- Giles in 2016
- Born: Annabel Claire Giles 20 May 1959 Pontypool, Wales
- Died: 20 November 2023 (aged 64) Hove, England
- Occupations: Presenter; actress; novelist; model;
- Spouse: Midge Ure ​ ​(m. 1985; div. 1989)​
- Children: 2, including Molly Lorenne
- Website: Official website

= Annabel Giles =

British television and radio presenter (1959–2023)

Annabel Claire Giles (20 May 1959 – 20 November 2023) was a British television and radio presenter. She also worked as a qualified counsellor, psychotherapist, model, actress, writer and novelist.

==Early life==
Giles was born on 20 May 1959 in Griffithstown, near Pontypool, Monmouthshire, Wales, as the eldest of three sisters. She was expelled from boarding school at age 16 for going to see Steve Harley & Cockney Rebel play in Bristol, where she was seen smoking in the street.

==Career==
Between 1977 and 1982, Giles trained and worked as a secretary, mostly employed in advertising agencies, which is where she was "discovered". Giles was then signed up by agency Models 1, and became the official model for Max Factor.

Giles started her media career in the 1980s on Razzmatazz and Night Network, and appeared in the 1993 film Riders. She came to prominence as co-presenter of ITV's Posh Frocks and New Trousers with Sarah Greene. She was in numerous entertainment shows, and a panellist on game shows ranging from Have I Got News for You to Shooting Stars. She was a regular panellist on Through the Keyhole and BBC Radio 4's Loose Ends and also appeared on BBC Radio 4's Just a Minute, and on Noel's House Party.

In 1995, Giles wrote and performed a one-woman show at the Edinburgh Festival called Looking for Mr. Giles, and a second show the following year, Anyone Can Be A TV Presenter.

Giles' first novel, Birthday Girls, reached number six in the top ten on the best-seller lists in 2001. She published Crossing the Paradise Line in 2003 and The Defrosting of Charlotte Small in 2006.

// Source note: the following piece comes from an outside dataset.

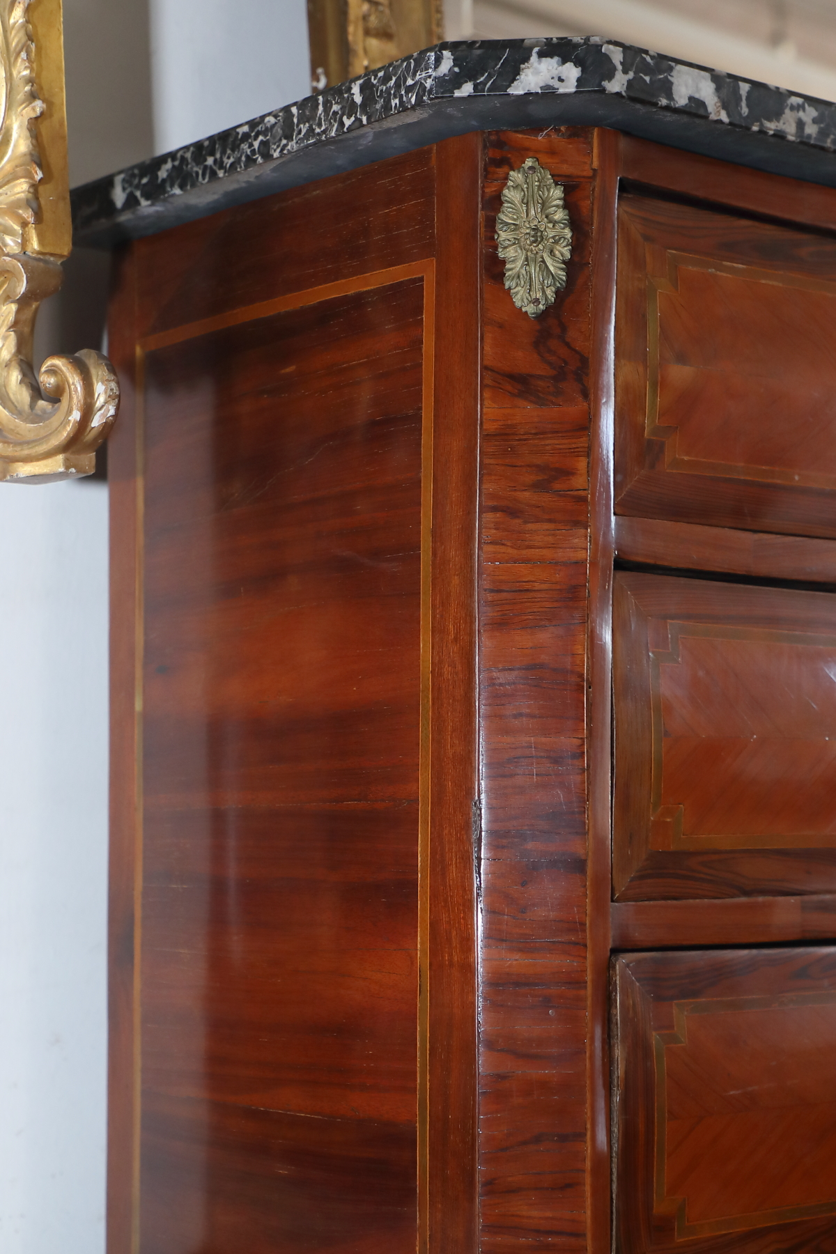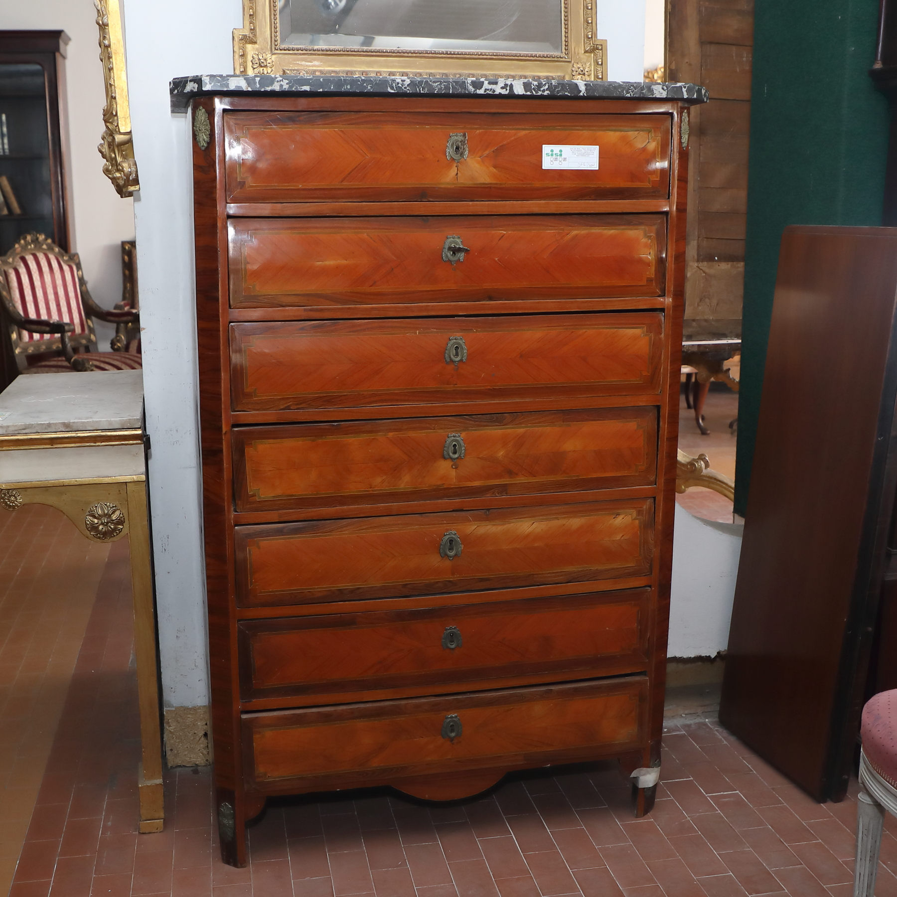 Settimino di origine Francese Epoca Napoleone III in bois de roses, noce e filettature in legno di olivo sui cassetti ,filettature in acero sui fianchi laterali .Bronzi ornamentali sui laterali e sui piedini .Dimensioni : 99x40x147h.

In November 2013, Giles entered the Australian jungle as a late arrival alongside Vincent Simone on the thirteenth series of I'm a Celebrity...Get Me Out of Here!. Giles was the first celebrity to leave the jungle, on 1 December.

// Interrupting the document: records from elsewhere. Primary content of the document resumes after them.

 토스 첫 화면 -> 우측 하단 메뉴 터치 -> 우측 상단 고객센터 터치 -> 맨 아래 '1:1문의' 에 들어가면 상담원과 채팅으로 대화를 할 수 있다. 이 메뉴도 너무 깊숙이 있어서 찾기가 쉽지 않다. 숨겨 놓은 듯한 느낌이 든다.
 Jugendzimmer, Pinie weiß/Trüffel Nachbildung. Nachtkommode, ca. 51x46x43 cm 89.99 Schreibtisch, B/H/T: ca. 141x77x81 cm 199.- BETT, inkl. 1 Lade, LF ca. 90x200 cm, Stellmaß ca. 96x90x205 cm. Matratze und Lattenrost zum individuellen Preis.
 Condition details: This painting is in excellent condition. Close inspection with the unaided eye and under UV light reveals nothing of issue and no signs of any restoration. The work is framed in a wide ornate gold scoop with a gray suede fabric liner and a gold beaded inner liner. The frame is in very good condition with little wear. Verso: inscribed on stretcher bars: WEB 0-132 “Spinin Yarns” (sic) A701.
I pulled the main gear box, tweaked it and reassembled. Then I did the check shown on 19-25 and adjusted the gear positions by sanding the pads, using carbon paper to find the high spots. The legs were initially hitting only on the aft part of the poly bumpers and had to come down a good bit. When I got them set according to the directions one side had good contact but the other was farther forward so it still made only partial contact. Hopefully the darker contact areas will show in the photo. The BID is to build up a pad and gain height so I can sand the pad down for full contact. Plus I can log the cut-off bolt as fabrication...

From 2014, Giles regularly guested on the Channel 5 chat show The Wright Stuff hosted by Matthew Wright. In summer 2018 she appeared on ITV2's My Shirley Valentine Summer and was the resident agony aunt on the Eleri Siôn show for BBC Radio Wales.

After retraining, she worked as a counsellor and psychotherapist in Brighton and London. Giles was a patron of a charity for parents of children with special needs, Amaze Brighton.

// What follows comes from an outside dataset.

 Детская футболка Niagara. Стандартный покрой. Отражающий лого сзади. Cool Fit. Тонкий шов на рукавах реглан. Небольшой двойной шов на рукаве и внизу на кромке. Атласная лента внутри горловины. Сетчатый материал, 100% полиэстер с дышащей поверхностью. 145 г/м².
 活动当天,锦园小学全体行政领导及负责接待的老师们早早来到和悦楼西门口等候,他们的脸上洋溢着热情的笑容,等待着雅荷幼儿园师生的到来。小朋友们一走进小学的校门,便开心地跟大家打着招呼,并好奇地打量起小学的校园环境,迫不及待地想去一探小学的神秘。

==Personal life, illness and death==
In 1985, Giles married the lead singer of Ultravox, Midge Ure. Their daughter, Molly Lorenne, was born in March 1987. Lorenne became the lead singer of pop punk group The Faders. Giles and Ure separated in 1989. Giles had a son who was born with XYY syndrome and Asperger syndrome; in 2011, having written a blog outlining the difficulties in educating a child with these issues, she received help from an anonymous benefactor towards his education.

Giles had ADHD. In July 2023, she was diagnosed with glioblastoma, an aggressive form of brain cancer, which had developed to stage IV. Her children issued a joint statement announcing that she had died on 20 November 2023, at Martlets Hospice in Hove, aged 64.